Design Tweaks: The design of social protection programmes and systems can be adjusted in a way that takes into consideration the crises that a country typically faces. These are small adjustments to a routine social protection programme. They can introduce flexibility to maintain the regular service in a shock. For example, the Philippines allows compliance with conditionality for its cash transfer programme, Pantawid, to be waived in a calamity. Alternatively, they can improve coverage, timeliness or predictability without requiring any ‘flex’ at the moment of the shock. For example, Mozambique’s cash transfer programme regularly experiences disbursement delays at the start of each new financial year in January; unfortunately, that coincides with the period of greatest risk of climate shocks such as cyclones. A design tweak, such as a double payment in December in place of one in January, might ensure that households were covered at the time of increased vulnerability. The merits of different design tweaks would need to be examined on a case-by-case basis. The risks – if the change is implemented sensitively – are low, provided the adjustment does not divert the programme from its core objective or close off opportunities to achieve greater impact.


Piggybacking: A social protection programme’s administrative systems can be used by humanitarian (or other) actors to deliver assistance, but the response programme itself is managed separately from the social protection programme. For example, this could be when a humanitarian response uses a specific programme’s beneficiary list, a country’s national registries or programme databases of households underpinning social protection programmes, a social assistance programme’s particular payment mechanism, or makes use of social protection staff. Similarly, a humanitarian response could use the payment system of a contributory pension scheme (as happened in Lesotho). The essence of this approach is to provide a faster, more effective response through tried-and-tested methods that communities and end-beneficiaries are familiar with. This saves the set-up time and costs associated with establishing a parallel system through emergency response.
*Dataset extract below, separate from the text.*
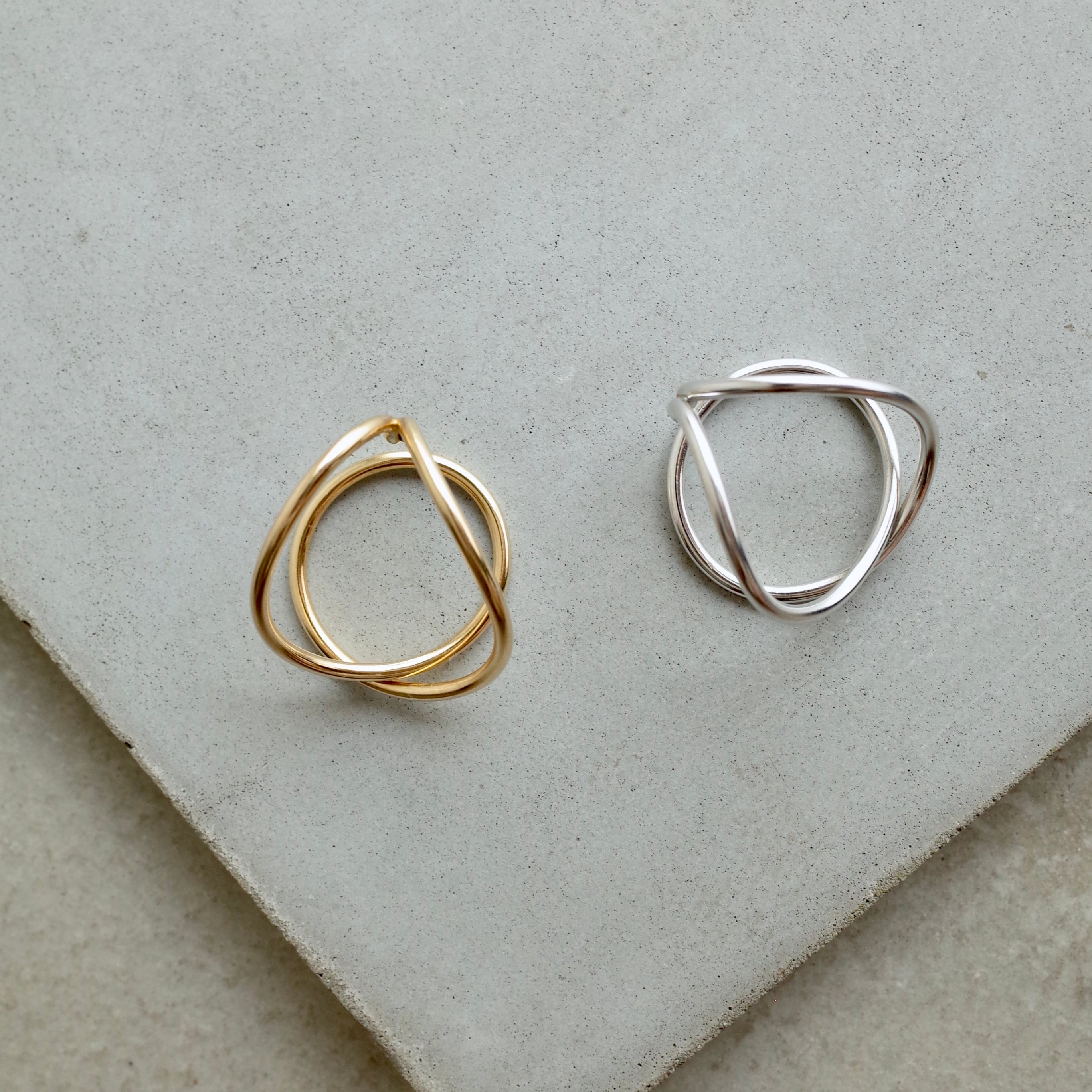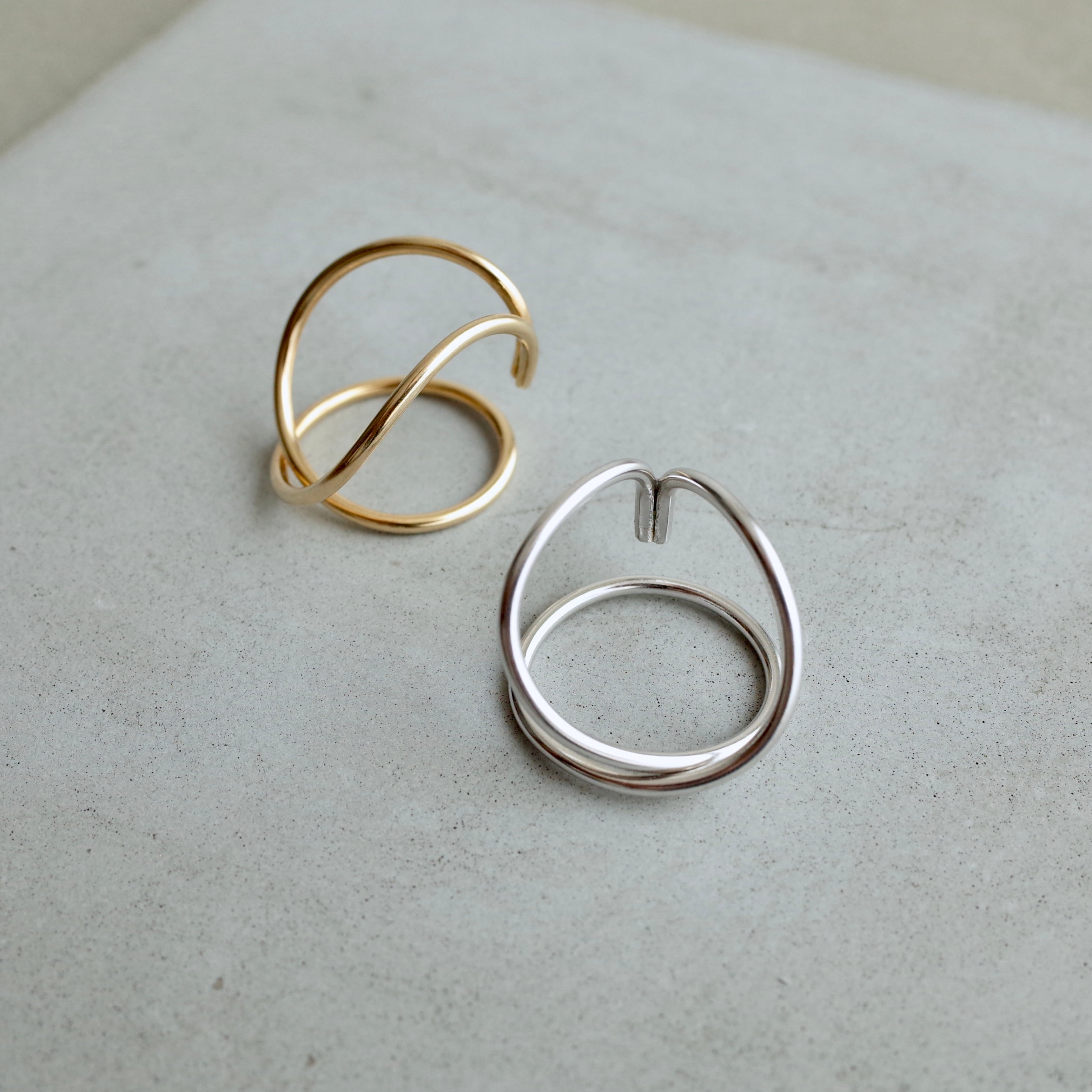 ラインの太さにこだわりながら大きめにデザインし、見る方向や着ける耳によって印象が変わるのが特徴のイヤーカフです。

Vertical expansion: A social protection programme can temporarily increase the benefit value or duration of a benefit provided through an existing programme, either for all or for some of the existing beneficiaries. This can be done via an adjustment of transfer amounts, or through the introduction of extraordinary payments or transfers, to a regular social assistance programme implemented in non-crisis times. The rationale may be to recognise the increased household costs as a result of the crises, or to temporarily harmonise the size of payments from the social assistance programme with a humanitarian response. Alternatively, if the payments are to be extended in duration, the rationale may be that there has been an extended period of need as a result of market disruption or agricultural production. With this approach, any extra support is provided as an integral part of the existing intervention – that is, it uses the same implementers and delivery channels.
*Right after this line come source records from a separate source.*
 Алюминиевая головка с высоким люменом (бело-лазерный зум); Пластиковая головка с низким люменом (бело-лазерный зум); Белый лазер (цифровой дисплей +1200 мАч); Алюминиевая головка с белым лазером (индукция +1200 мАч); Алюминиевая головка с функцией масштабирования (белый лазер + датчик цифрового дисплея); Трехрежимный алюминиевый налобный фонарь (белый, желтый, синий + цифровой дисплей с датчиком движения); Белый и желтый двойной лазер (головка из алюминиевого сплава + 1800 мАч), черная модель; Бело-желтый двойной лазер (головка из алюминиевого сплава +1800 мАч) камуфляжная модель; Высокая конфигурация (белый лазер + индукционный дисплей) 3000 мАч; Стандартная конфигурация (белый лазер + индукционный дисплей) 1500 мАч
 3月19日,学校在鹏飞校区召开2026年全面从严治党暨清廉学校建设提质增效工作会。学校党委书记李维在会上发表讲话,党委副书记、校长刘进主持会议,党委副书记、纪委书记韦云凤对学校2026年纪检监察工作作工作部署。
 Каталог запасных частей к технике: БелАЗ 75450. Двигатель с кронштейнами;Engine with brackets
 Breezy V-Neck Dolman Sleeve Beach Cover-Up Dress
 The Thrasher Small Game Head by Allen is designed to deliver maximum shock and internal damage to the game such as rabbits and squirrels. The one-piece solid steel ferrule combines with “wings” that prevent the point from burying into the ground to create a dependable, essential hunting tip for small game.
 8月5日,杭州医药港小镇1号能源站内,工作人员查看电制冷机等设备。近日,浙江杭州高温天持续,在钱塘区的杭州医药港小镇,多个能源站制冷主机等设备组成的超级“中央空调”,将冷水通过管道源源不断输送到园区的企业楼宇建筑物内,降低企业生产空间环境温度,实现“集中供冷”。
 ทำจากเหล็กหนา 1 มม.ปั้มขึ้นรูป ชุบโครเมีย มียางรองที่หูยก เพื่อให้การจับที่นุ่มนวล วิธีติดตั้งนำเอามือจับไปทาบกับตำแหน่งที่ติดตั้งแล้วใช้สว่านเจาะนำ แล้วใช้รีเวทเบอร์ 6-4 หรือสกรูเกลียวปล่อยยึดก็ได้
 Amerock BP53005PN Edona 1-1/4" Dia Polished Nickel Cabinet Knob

Horizontal Expansion: Social assistance programmes can temporarily include new, crisis-affected beneficiaries in an existing social protection programme. This option may involve extending the programme to more people in the same geographical area or an extension of the programme’s geographical coverage to areas affected by the crises but not in the footprint of the ‘regular’ programme. The expansion of the regular programme into new territories can be achieved through either a pre-screening of potential beneficiaries before a crisis event and/ or through an extraordinary enrolment campaign to rapidly enrol those who fit programme criteria and who have been affected, or a modification/relaxation of eligibility criteria to allow more people to benefit. While the most effective and rapid scale-ups have agreed a number of parameters ex ante, these are not prerequisites. Ideally, the parameters to be agreed ex ante are where the scale-up should take place, which households are to receive support through the programme, and what the (objective) triggers to authorise a scale-up will be.
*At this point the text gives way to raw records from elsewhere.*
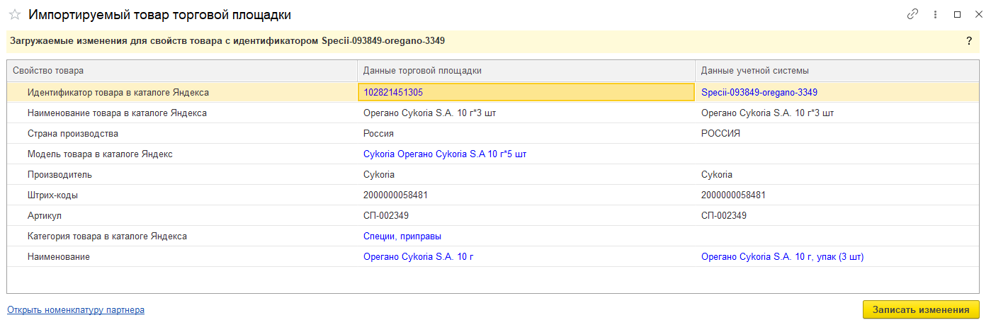 При необходимости можно перейти по ссылке Открыть номенклатуру партнера для редактирования сопоставленных данных номенклатуры.
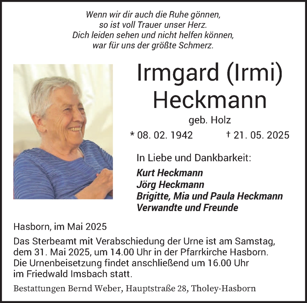 Hier finden Sie alle Traueranzeigen aus der Zeitung, die bisher für Irmgard Heckmann erschienen sind. Weitere Traueranzeigen, die in der Zeitung erscheinen, werden hier ebenfalls aufgelistet
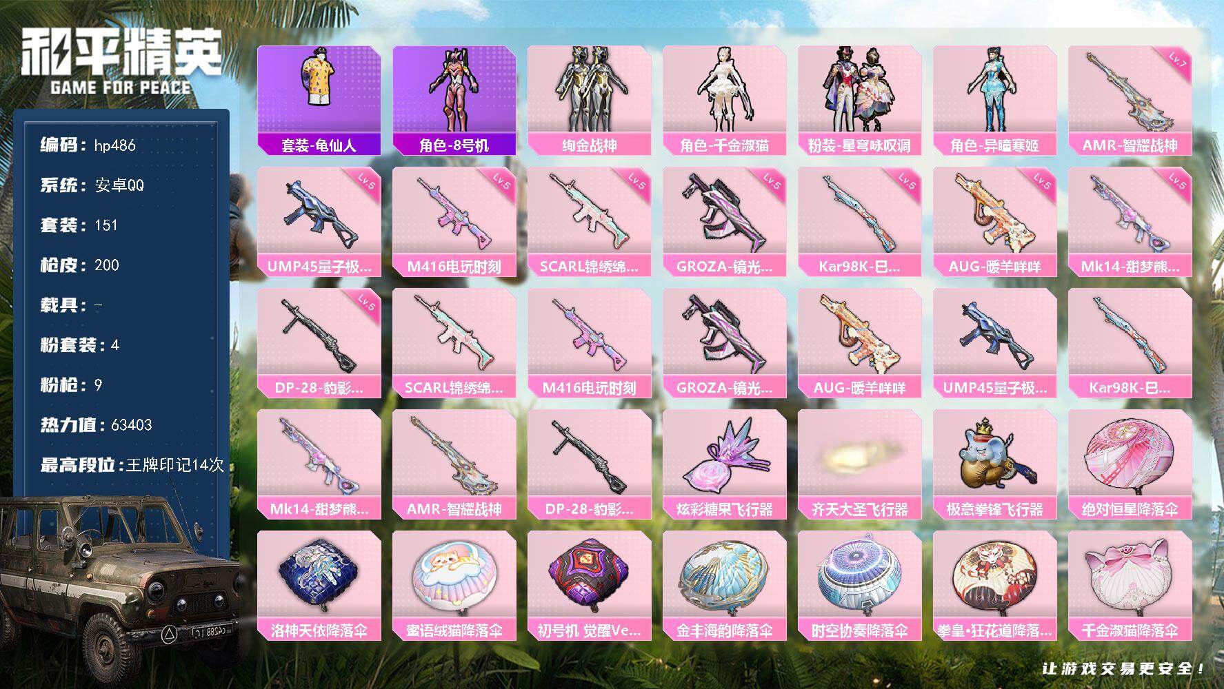 [17243786]安卓 手Q-4粉装-9特效枪-0载具-3粉色飞行器-63403热力值-14王牌印记-151套装-200枪皮
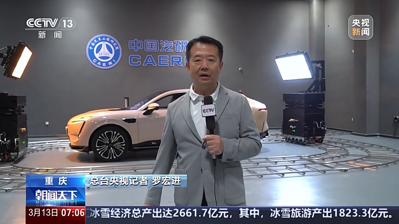 總臺(tái)央視記者 羅宏進(jìn):來(lái)到中國(guó)汽車工程研究院的整車光環(huán)境實(shí)驗(yàn)室,我們可以看到,我身后有兩臺(tái)能夠360°移動(dòng)的光源,它可以模擬一年四季一天24小時(shí)不同時(shí)刻的光線。智能網(wǎng)聯(lián)新能源汽車的快速發(fā)展,車上攝像頭的數(shù)量明顯增加,就好比人的眼睛一樣,要給它們進(jìn)行精準(zhǔn)的檢測(cè)。
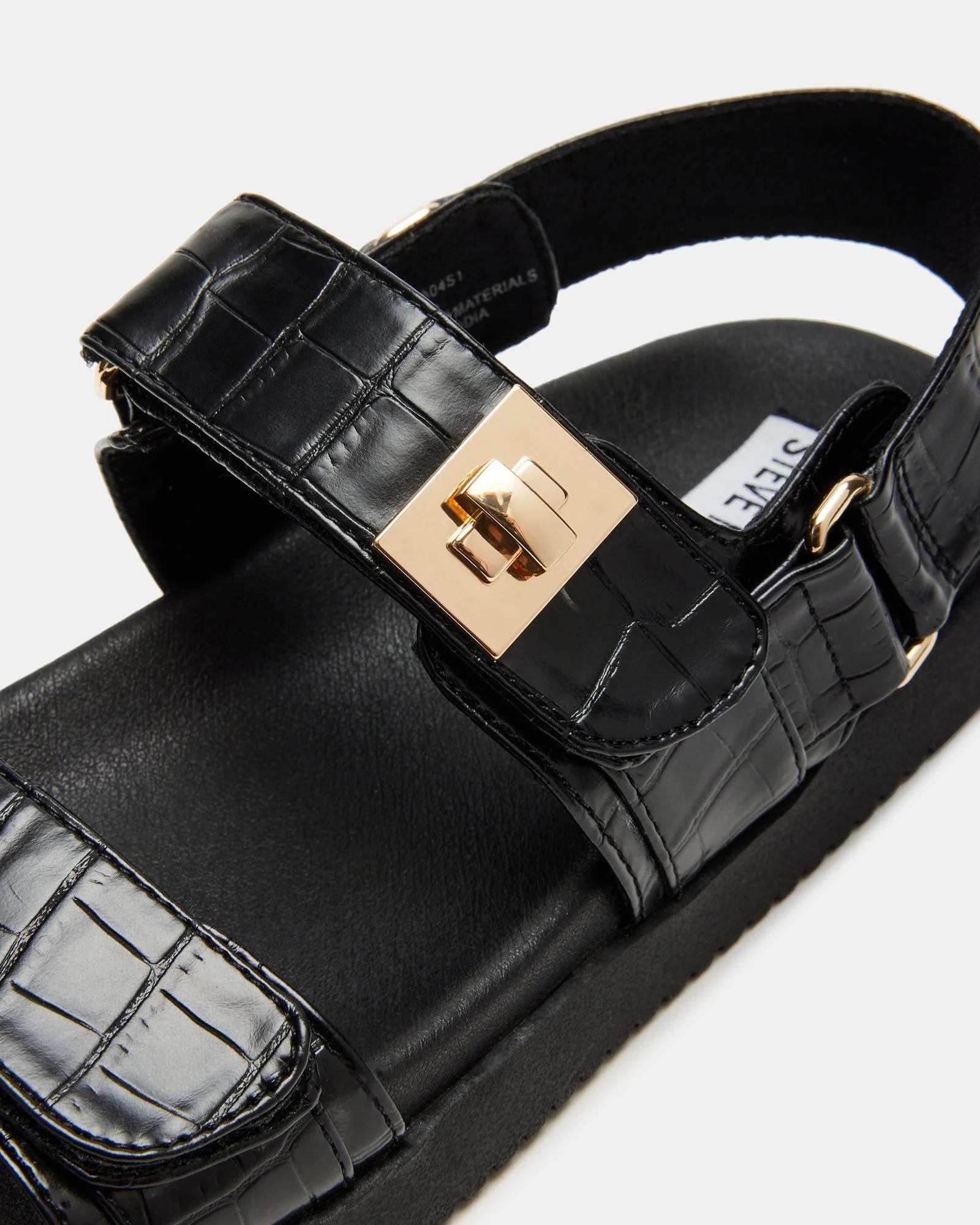 The MONA takes the classic three-strap design with a molded footbed and a flat sole and elevates it with a vegan leather construction and substantial gold tone hardware.

Alignment: An emergency response can be deliberately designed to align with another (actual or future) social protection programme or system. Where the country systems are not mature or do not penetrate across the entire country, there have been examples where humanitarian projects have been designed explicitly with the expectation that the projects could evolve and mature over time into fully fledged, national social protection systems (e.g. the Cadre Commun sur les Filets Sociaux in Mali, and the Urban Food Security programme in Kenya). This could be achieved through greater alignment of humanitarian interventions into something more predictable and ‘systemic’, or alignment of a response programme with an existing or future social protection programme, to facilitate potential integration and national ownership in the future.


Key terms


Adaptive social protection: A series of measures which aim to build resilience of the poorest and most vulnerable people to climate change by combining elements of social protection, disaster risk reduction and climate change. Since this conceptualization, it has come to be understood as entailing the need to better adapt social protection to all types of shocks.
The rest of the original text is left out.